## Try it
When the line with "Für Kommunion, Konfirmation, Firmung, Jugendweihe" turns up below, begin repeating exactly, and carry on through the line with "Alt katta bulunan"; no pictures go into the copy.

## Records to process
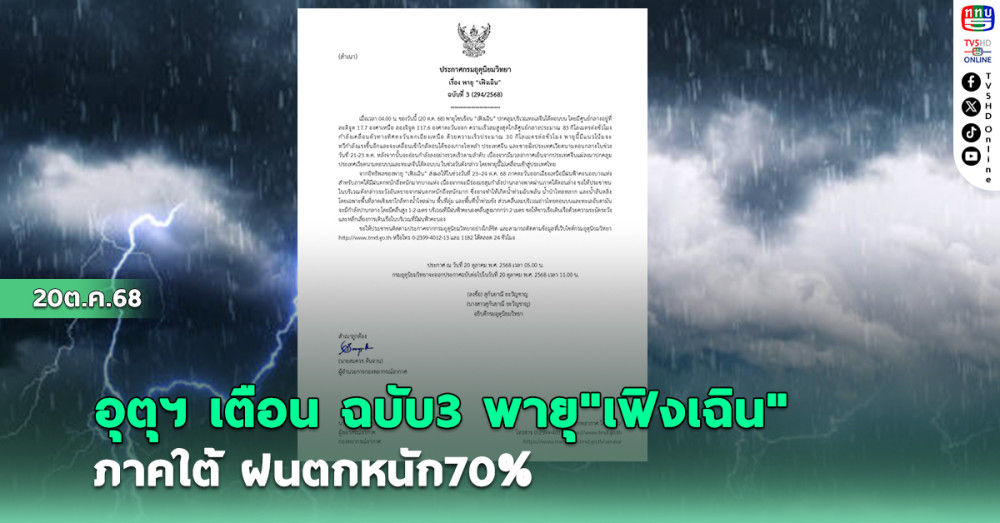 กรมอุตุฯ ประกาศฉบับที่ 3 เตือน!พายุโซนร้อนน"เฟิงเฉิน" ส่งผลให้ในช่วงวันที่ 23–24 ต.ค. 68 ภาคตะวันออกเฉียงเหนือมีฝนฟ้าคะนอง ส่วนภาคใต้มีฝนตกหนักถึงหนักมาก ระวังอันตราย จากน้ําท่วมฉับพลันและน้ําป่าไหลหลาก
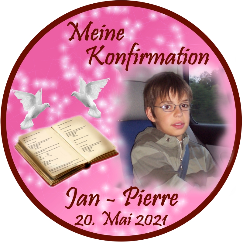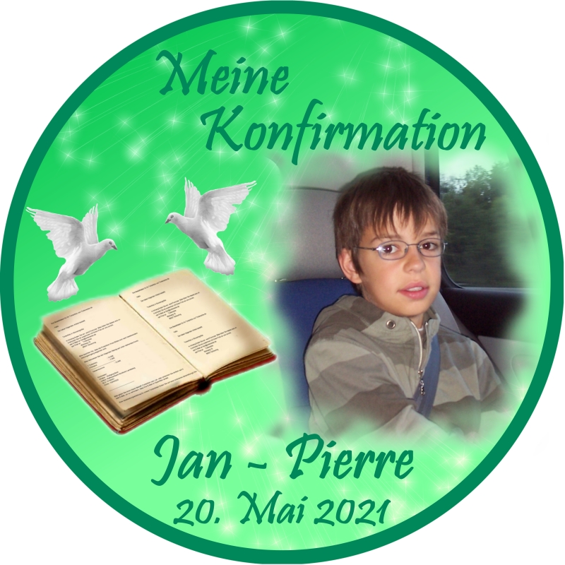 Für Kommunion, Konfirmation, Firmung, Jugendweihe oder ähnliche Anlässe. Durch den frei bestimmbaren Text kann dieser Aufleger für jedes dieser Feste erstellt werden.
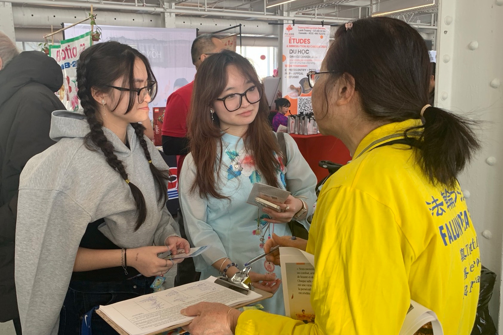 【明慧网二零二六年二月十一日】加拿大蒙特利尔(Montréal)越南社区于二零二六年二月八日在老港举行庆祝新年活动,法轮功学员受邀参加,与民众分享法轮大法的美好,受到欢迎。法轮大法真、善、忍的理念引起人们内心共鸣,民众有的想学功,有的表示支持法轮功学员反迫害
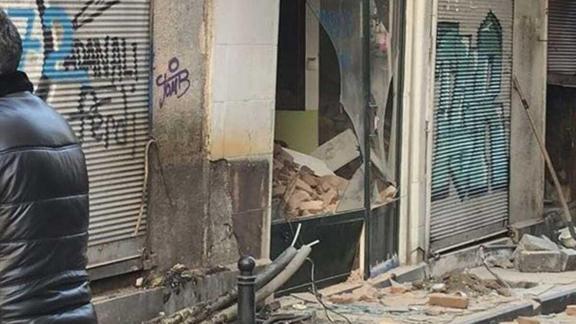 Alt katta bulunan berber dükkanı molozla dolarken, ekipler binanın tamamen yıkılması ihtimaline karşın sokağı şerit çekerek kapattı.
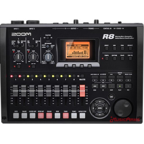 Zoom R8 โซลูชันการผลิตเพลงแบบพกพาพิเศษ เหมาะอย่างยิ่งสำหรับนักดนตรีที่ต้องเดินทาง บรรจุความสามารถรอบด้านของ R24 ที่ใหญ่กว่าไว้ในดีไซน์ใหม่กะทัดรัด R8 ไม่เพียงเป็นเครื่องบันทึก 8 แทร็กที่เขียนไปยังการ์ดหน่วยความจำแฟลช SD เท่านั้น แต่ยังเป็นอินเทอร์เฟซเสียง USB คอนโทรลเลอร์ และแพดแซมเพลอร์อีกด้วย มีการบันทึกพร้อมกัน 2 แทร็กและเล่น 8 แทร็ก สามารถบันทึกไฟล์ WAV ที่อัตราตัวอย่าง 44.1/48kHz และอัตราบิต 16/24-บิต ไฟล์จะถูกบันทึกลงในการ์ดหน่วยความจำ SD ที่มีความจุสูงสุด 32GB สำหรับการบันทึกที่มีความยาว มีไมโครโฟนคอนเดนเซอร์สเตอริโอในตัวสำหรับการบันทึกเสียงโดยไม่ต้องใช้อุปกรณ์เสริม

## Result
 Für Kommunion, Konfirmation, Firmung, Jugendweihe oder ähnliche Anlässe. Durch den frei bestimmbaren Text kann dieser Aufleger für jedes dieser Feste erstellt werden.
 【明慧网二零二六年二月十一日】加拿大蒙特利尔(Montréal)越南社区于二零二六年二月八日在老港举行庆祝新年活动,法轮功学员受邀参加,与民众分享法轮大法的美好,受到欢迎。法轮大法真、善、忍的理念引起人们内心共鸣,民众有的想学功,有的表示支持法轮功学员反迫害
 Alt katta bulunan berber dükkanı molozla dolarken, ekipler binanın tamamen yıkılması ihtimaline karşın sokağı şerit çekerek kapattı.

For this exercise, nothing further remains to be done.